Your objective: Pictures aside, each entry has to be returned exactly as it stands.

BEGIN Record excerpts

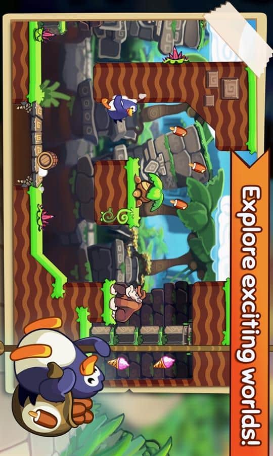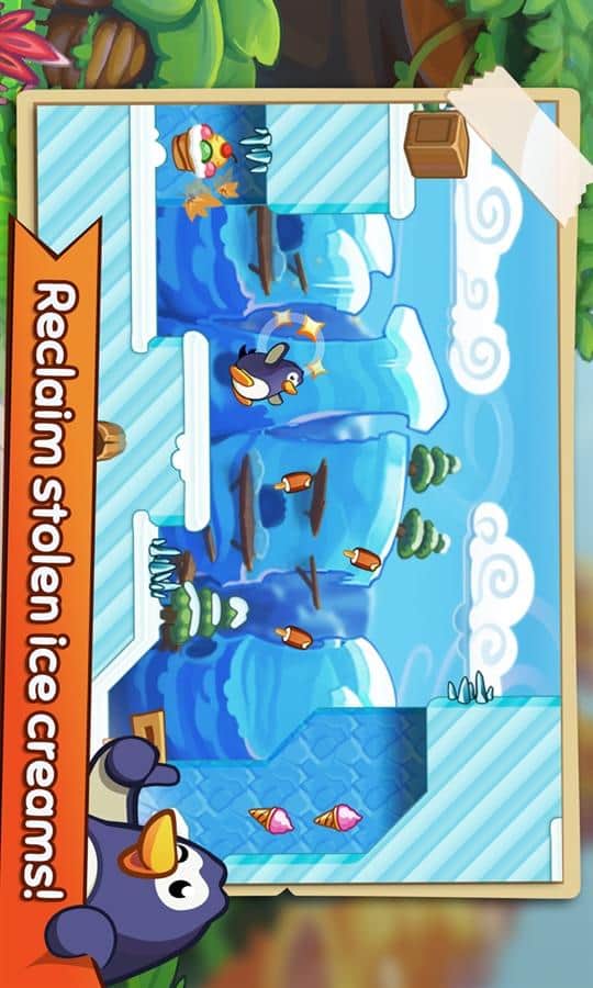 Zıplayan Penguen - penguene lezzetli dondurmaları toplamasında yardımcı olacağınız eğlenceli bir platform oyunu. Penguenin tüm dondurmaları çalındı ve şimdi hırsızı bulup tüm dondurmalarını geri almak için yolunu takip etmesi gerekiyor. Bu oyunda sizi, buzlu Antarktika'dan sıcak ormanlara kadar birçok farklı dünya bekliyor. Tek dokunuşla kolay kontrol, birçok düşman ve çeşitli bonuslar, bu tür oyunların meraklılarını mutlu edecek.
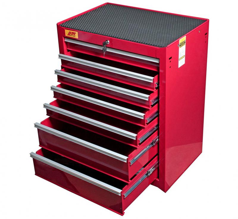 7 секций (эконом-вариант). Размеры ящиков подходят для всех наборов инструментов JTC К-серии. Все ящики оснащены роликовыми направляющими, полностью выдвигаются и легко вынимаются из тележки. Усиленные колеса. 5"х2", 2 прямых и 2 поворотных. Конструкция с двойными стенками. В комплекте поставляется резиновый коврик толщиной 10 мм. Размеры ящика: 580х377х75 мм. (154 мм. два нижних) Размеры собранной тележки: 687х459х1000 мм. Габаритные размеры: 950/750/550 мм. (Д/Ш/В) Вес: 65000 г.
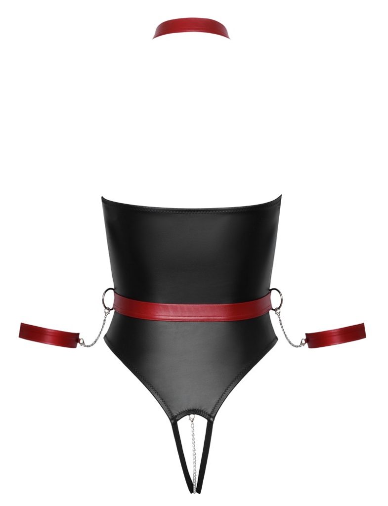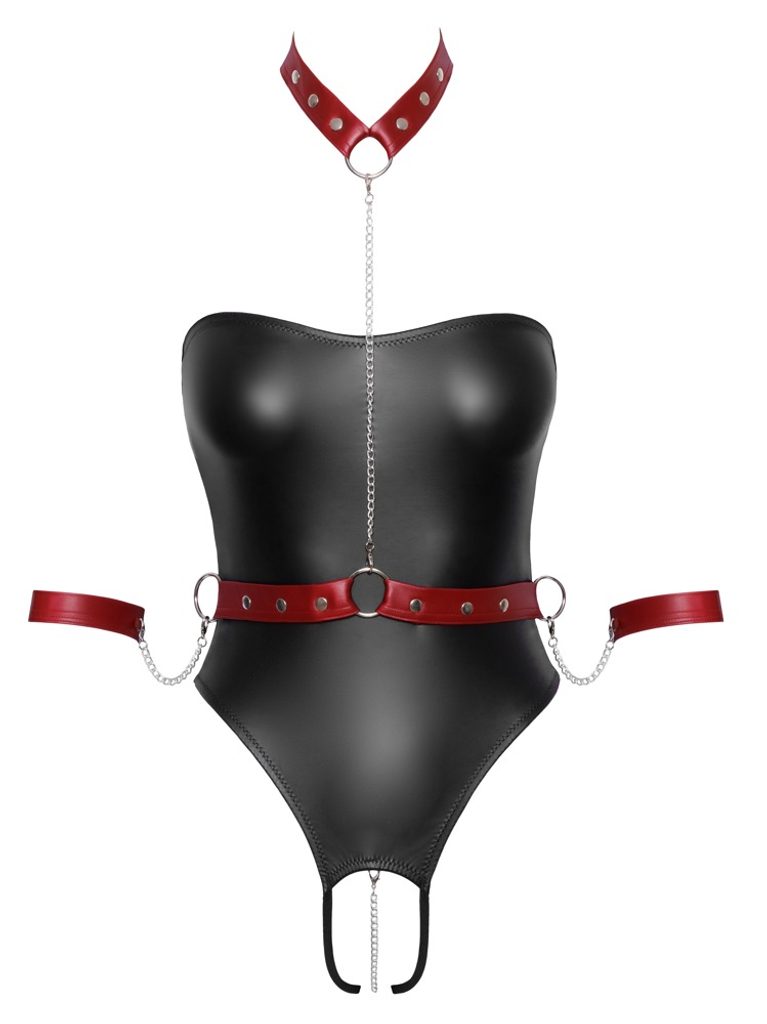 Razkrijte svojo čutnost in uživajte v vznemirljivih trenutkih v tem drznem bodyju brez naramnic in z odprtim mednožjem, ki popolno poudari vaše obline. Eleganten mat videz v črni in rdeči perilu doda prefinjenost, medtem ko nastavljiv postroj z lisicami in ovratnico prinese pridih strastne pustolovščine.
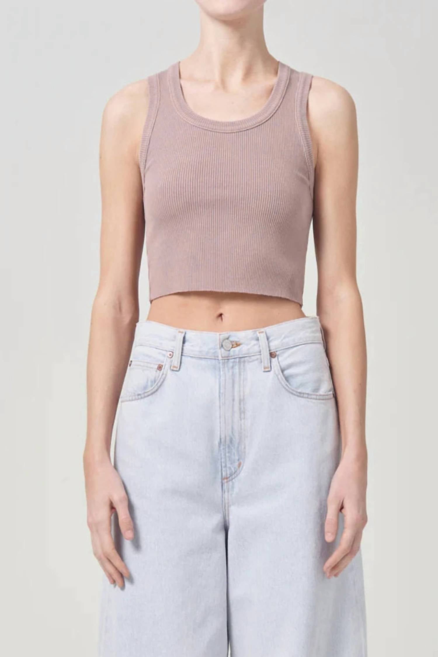 Show a little skin in this cute and casual crop top. Elevate your spring wardrobe with the Cropped Poppy Tank Top by AGOLDE, crafted in a vibrant Spider Lilly shade. This sleeveless, crewneck tank is designed for true-to-size wear, featuring 49% Organic Cotton, 49% Tencel Lyocell, and 2% Spandex for a comfortable fit. The pull-on closure and minimalist design make it ideal for travel and activewear. Care: Machine wash, tumble dry.
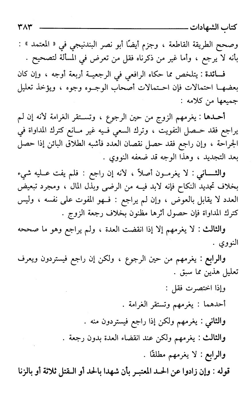 فائدة: يتلخص مما حكاه الرافعي في الرجعية أربعة أوجه، وإن كان بعضها احتمالات فإن احتمالات أصحاب الوجوه وجوه، ويؤخذ تعليل جميعها من كلامه:

END Record excerpts

Answer for the task:
 Zıplayan Penguen - penguene lezzetli dondurmaları toplamasında yardımcı olacağınız eğlenceli bir platform oyunu. Penguenin tüm dondurmaları çalındı ve şimdi hırsızı bulup tüm dondurmalarını geri almak için yolunu takip etmesi gerekiyor. Bu oyunda sizi, buzlu Antarktika'dan sıcak ormanlara kadar birçok farklı dünya bekliyor. Tek dokunuşla kolay kontrol, birçok düşman ve çeşitli bonuslar, bu tür oyunların meraklılarını mutlu edecek.
 7 секций (эконом-вариант). Размеры ящиков подходят для всех наборов инструментов JTC К-серии. Все ящики оснащены роликовыми направляющими, полностью выдвигаются и легко вынимаются из тележки. Усиленные колеса. 5"х2", 2 прямых и 2 поворотных. Конструкция с двойными стенками. В комплекте поставляется резиновый коврик толщиной 10 мм. Размеры ящика: 580х377х75 мм. (154 мм. два нижних) Размеры собранной тележки: 687х459х1000 мм. Габаритные размеры: 950/750/550 мм. (Д/Ш/В) Вес: 65000 г.
 Razkrijte svojo čutnost in uživajte v vznemirljivih trenutkih v tem drznem bodyju brez naramnic in z odprtim mednožjem, ki popolno poudari vaše obline. Eleganten mat videz v črni in rdeči perilu doda prefinjenost, medtem ko nastavljiv postroj z lisicami in ovratnico prinese pridih strastne pustolovščine.
 Show a little skin in this cute and casual crop top. Elevate your spring wardrobe with the Cropped Poppy Tank Top by AGOLDE, crafted in a vibrant Spider Lilly shade. This sleeveless, crewneck tank is designed for true-to-size wear, featuring 49% Organic Cotton, 49% Tencel Lyocell, and 2% Spandex for a comfortable fit. The pull-on closure and minimalist design make it ideal for travel and activewear. Care: Machine wash, tumble dry.
 فائدة: يتلخص مما حكاه الرافعي في الرجعية أربعة أوجه، وإن كان بعضها احتمالات فإن احتمالات أصحاب الوجوه وجوه، ويؤخذ تعليل جميعها من كلامه:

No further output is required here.